With her husband leading the U.S. legation based in Taiz that formed the center of United States–Yemen relations at the time, the Stoltzfuses were in North Yemen from 1959 to 1961. There, she was the sole teacher at the Ta'iz Cooperative School, a one-room co-educational elementary program she founded in her home. The school originally intended to educate the young children of embassy families, but soon including Yemeni children as well, with permission from the ruler, imam Ahmad bin Yahya. It was the first foreign and non-religious school in north Yemen. A British woman, Joan Bailey, wife of the British diplomat Ronald Bailey, helped at the Taiz school, by teaching sewing and knitting classes.

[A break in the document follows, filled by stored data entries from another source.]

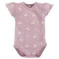 Rozpinane bawełniane body niemowlęce w kolorze różowym z nadrukiem.
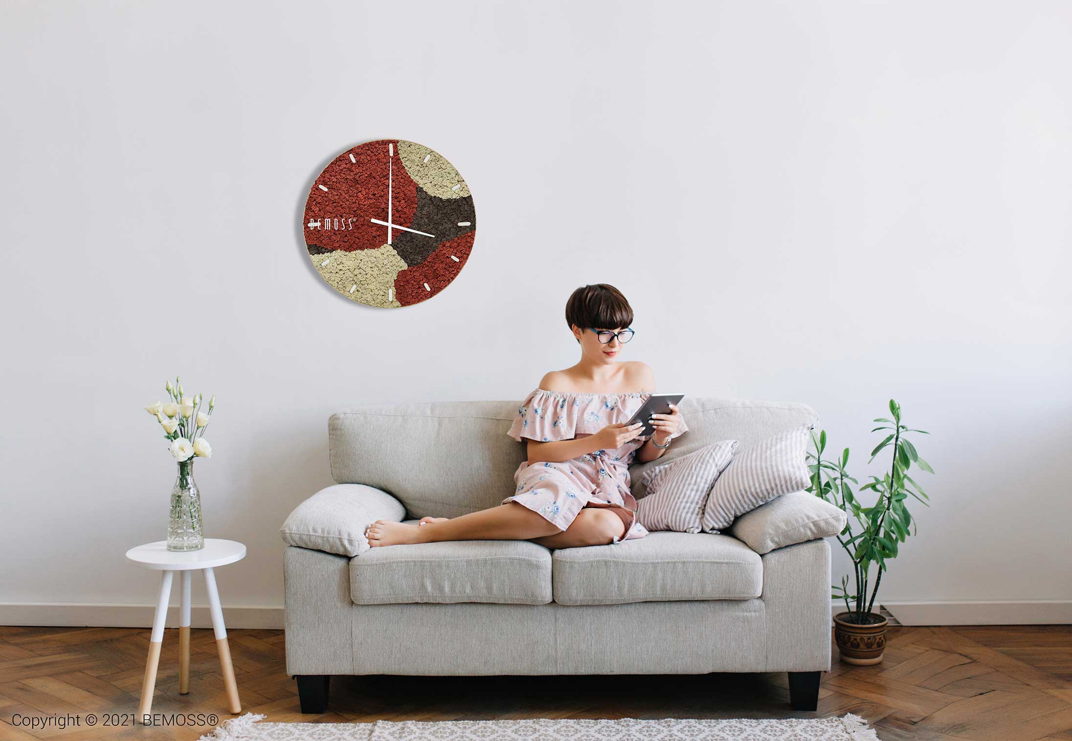 Mos klok BEMOSS® ORTHO SIENNA met wijzerplaat
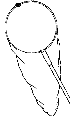 扫网 专用于扫捕栖息隐藏在禾苗、杂草、树丛中、体型小而不善活动昆虫的捕虫网,也用于采集弹跳能力较强和寄生性昆虫。扫网网袋系用结实布料作成,底部常呈开口式,扫捕时将网底口扎紧,扫入昆虫后将扎口解开,直接将网底中昆虫漏入酒精瓶或毒瓶中。如将底口处缝上松紧带,用时套上透明软塑料瓶,则可依据换瓶时间及扫网次数作种群密度调查(图2)。
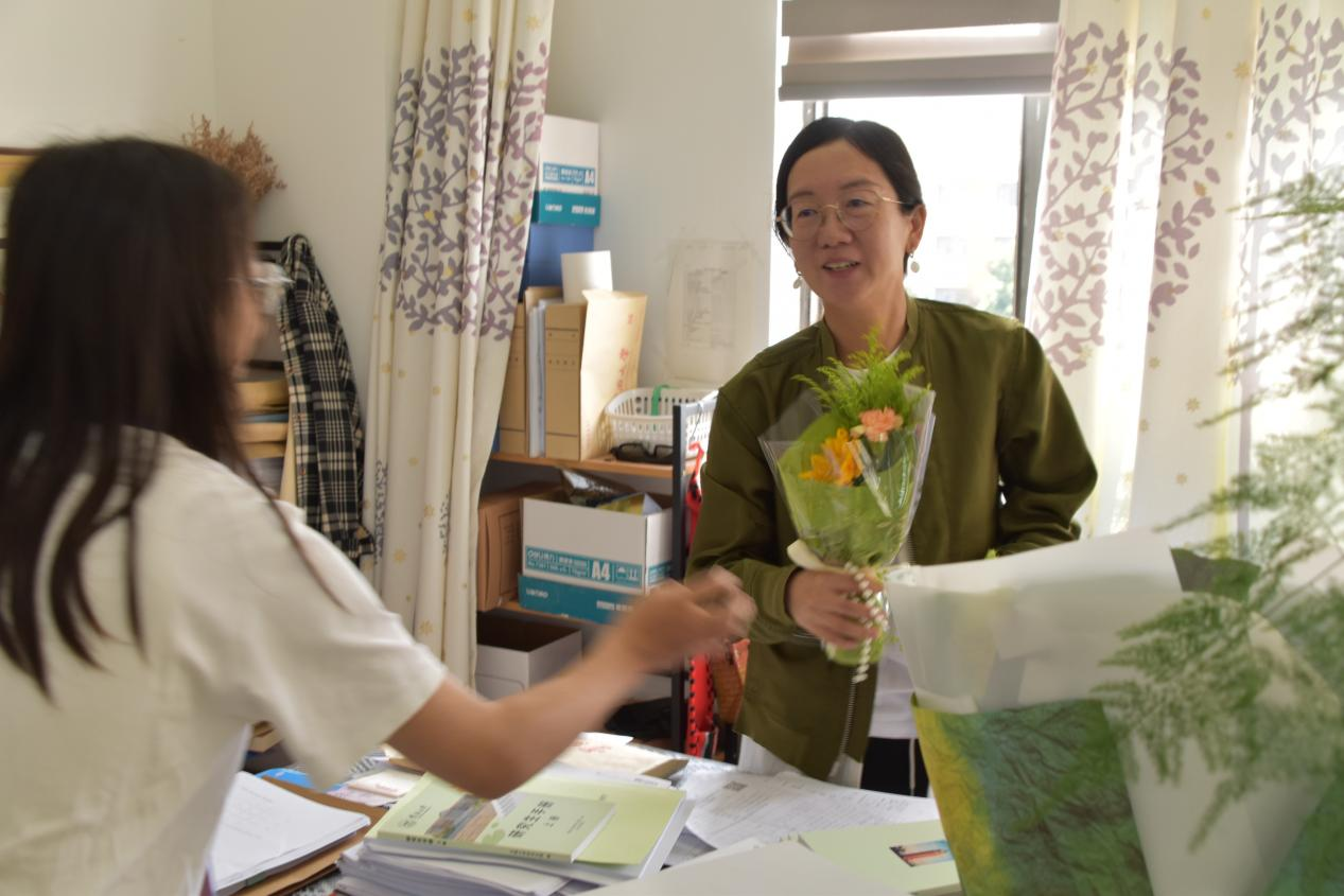 9月10日教师节当天,学院楼里满是青春身影——由学院工会主办、院学生会和新媒体宣传中心协办的“感念师恩”鲜花送祝福活动正式开启。
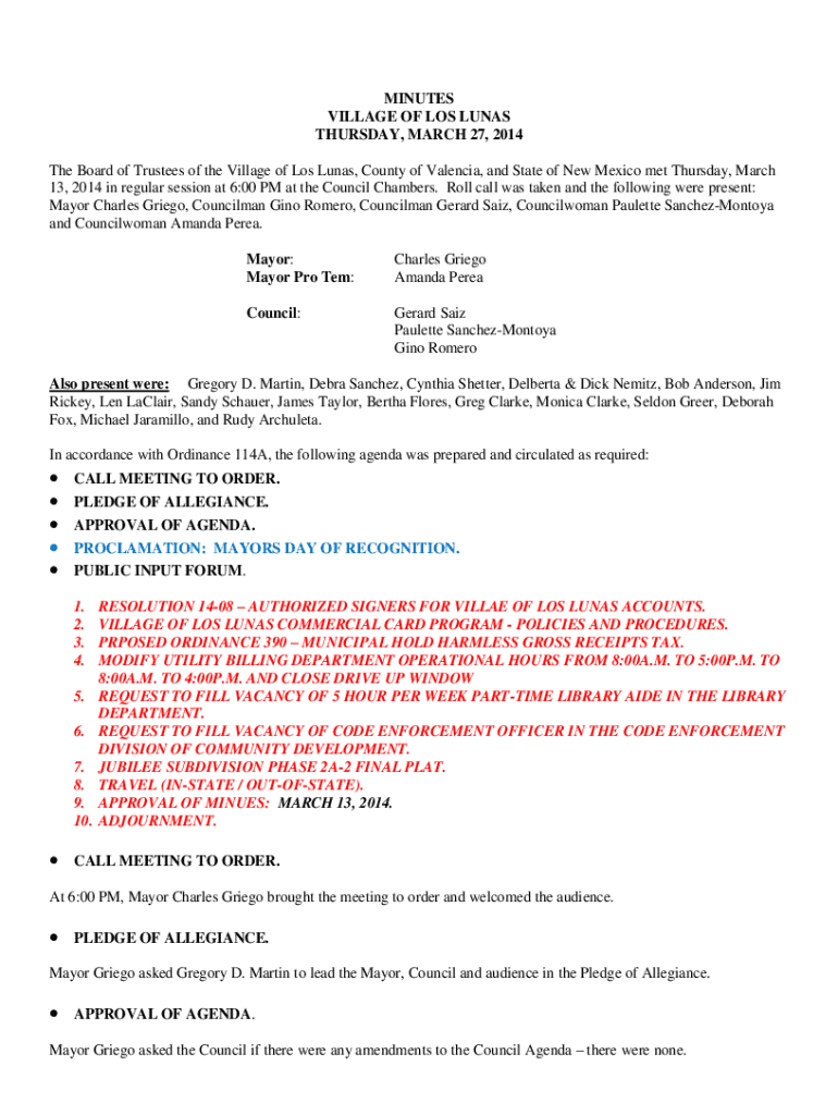 MINUTES VILLAGE OF LOS LUNAR THURSDAY, MARCH 27, 2014, The Board of Trustees of the Village of Los Luna's, County of Valencia, and State of New Mexico met Thursday, March 13, 2014, in regular session

In 1997, Ambassador Stoltzfus gave an oral history interview and emphasized his opinion that "our most valuable contribution while we were in Yemen was my wife's school."

During her husband's other postings, Stoltzfus was head teacher at the English School in Kuwait and the American School in Damascus. She worked with an enrichment program for preschoolers in Ethiopia, and coordinated volunteers for a children's program under the auspices of the Kuwait Handicapped Society. She also founded a newsletter for senior citizens in London in the 1980s, titled The Ellesmere Gazette.

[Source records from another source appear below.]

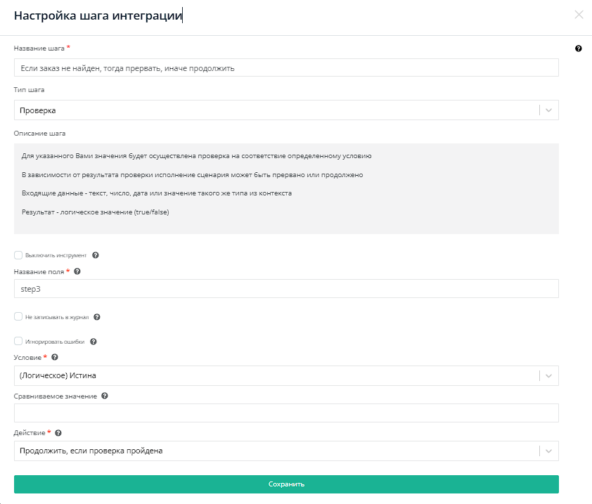 Используем проверку в поле step3. Условие - (Логическое) Истина, Действие - Продолжить, если проверка пройдена.
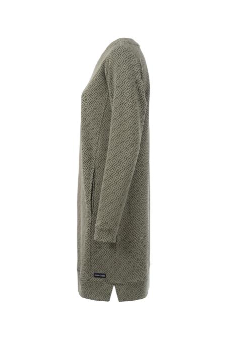 Jacquard-Kleid mit langen Ärmeln und kleinem V-Cut am Kragen. Das Kleid hat ein zeitloses Rautenmuster und formt eine schmeichelhafte Silhouette. Das Kleid kann im Alltag und zu schickeren Anlässen getragen werden.
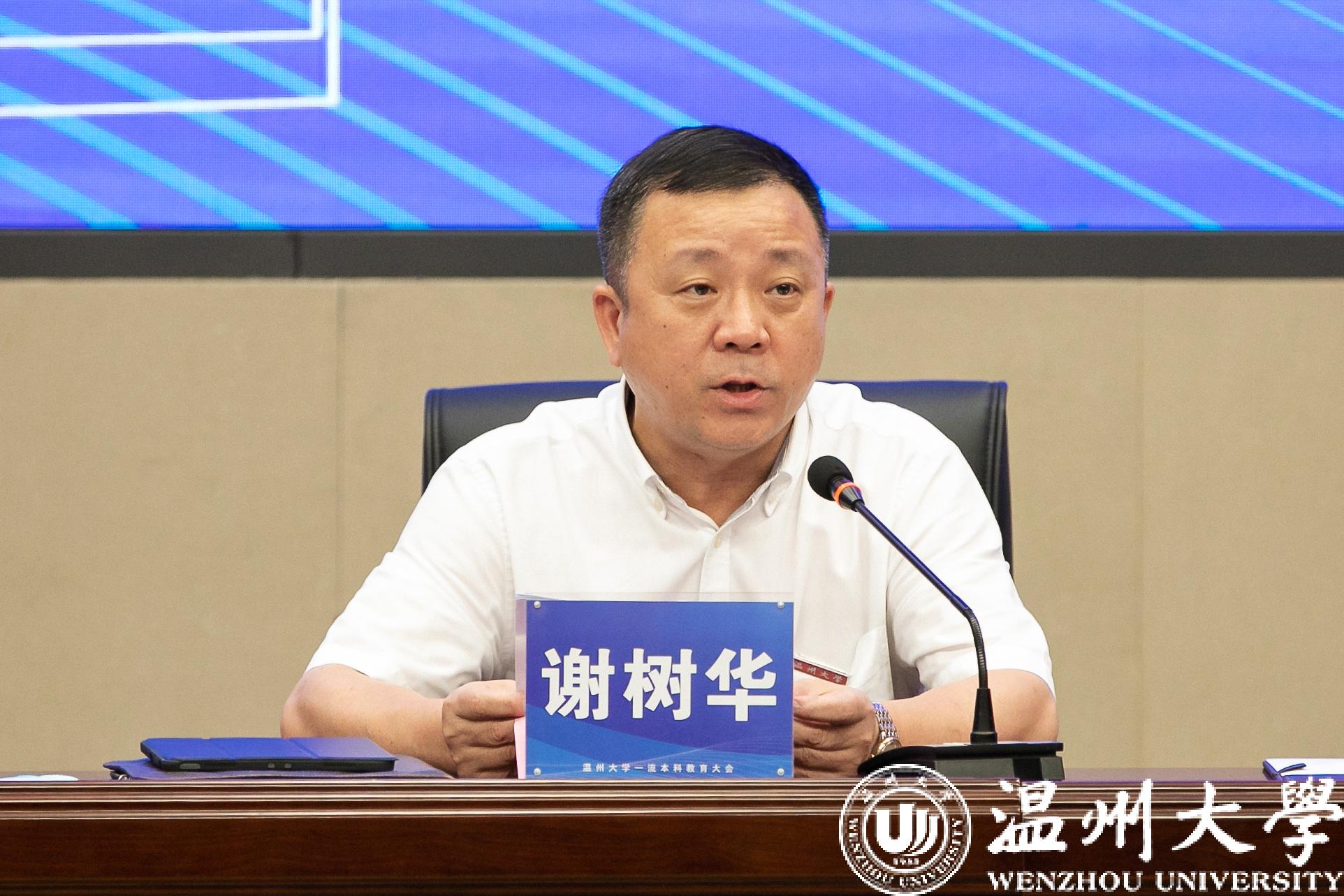 校党委书记谢树华讲话。他就抓好本科教育教学工作、推动学校事业改革发展提出四点意见。一是要充分认识建设一流本科教育的重要意义。建设一流本科教育是高等教育发展的新趋势,是经济社会发展的新期待,也是学校自身发展的新要求。要把本科教育放在人才培养的核心地位,放在教育教学的基础地位,放在学校重中之重的工作地位来抓。二是要全面落实立德树人的根本任务。要强化目标引领,将立德树人的成效作为检验学校一切工作的标准;要树立正确观念,树立“人人发展、全面发展、个性发展、终身发展”的教育质量观;要注重人文教育,一方面是课程中要注重人文教育的设置,另一方面要将人文教育渗透到学生日常教育之中。三是全力打造一流的教师队伍。加快教师队伍的结构优化、能力优化、评价优化,打造一支政治素质过硬、业务能力精湛、育人水平高超、方法技术娴熟的育人队伍。四是更加突出教学的中心地位。重视课程建设,围绕高阶性、创新性、挑战度,重点建好五大“金课”;重视教材建设,建好教材、选好教材、用好教材,让老师教有所用,让学生学有所得;重视课堂教学质量,让课堂从“教师主导”向“学生主体”转变,努力让学生成为具有思辨能力、创造思维、质疑精神的“主动学习者”;重视学风建设,加强目标引导、氛围营造、管理服务,形成“党风带作风、作风促教风、教风优学风”的良性循环生态。

After they left the United States Foreign Service in 1976, the Stoltzfus home in Princeton, New Jersey, featured "crosses from Ethiopia, copperware from Iran, royal Arabic seals from Bahrein, a brass chest and a tall exquisite coffee pot from Saudi Arabia, and a massive hand-carved door from Kuwait", all souvenirs of their overseas service. Janet Stoltzfus taught English and religion at Princeton Day School. One of her students at Princeton Day School was Erik Menendez, and she was one of the former teachers called as a witness at his murder trial.

== Personal life ==
Janet Sorg married William A. Stoltzfus Jr. in 1954. They had five children, William III, Philip, Winifred, Susan, and Rebecca, all raised in part as embassy children. "We subsisted on cans of baked beans from the U.S. military base in Ethiopia," Stoltzfus recalled, "We had a lot of liquor, though." She died from cancer in 2004, at the age of 72, in Princeton, New Jersey.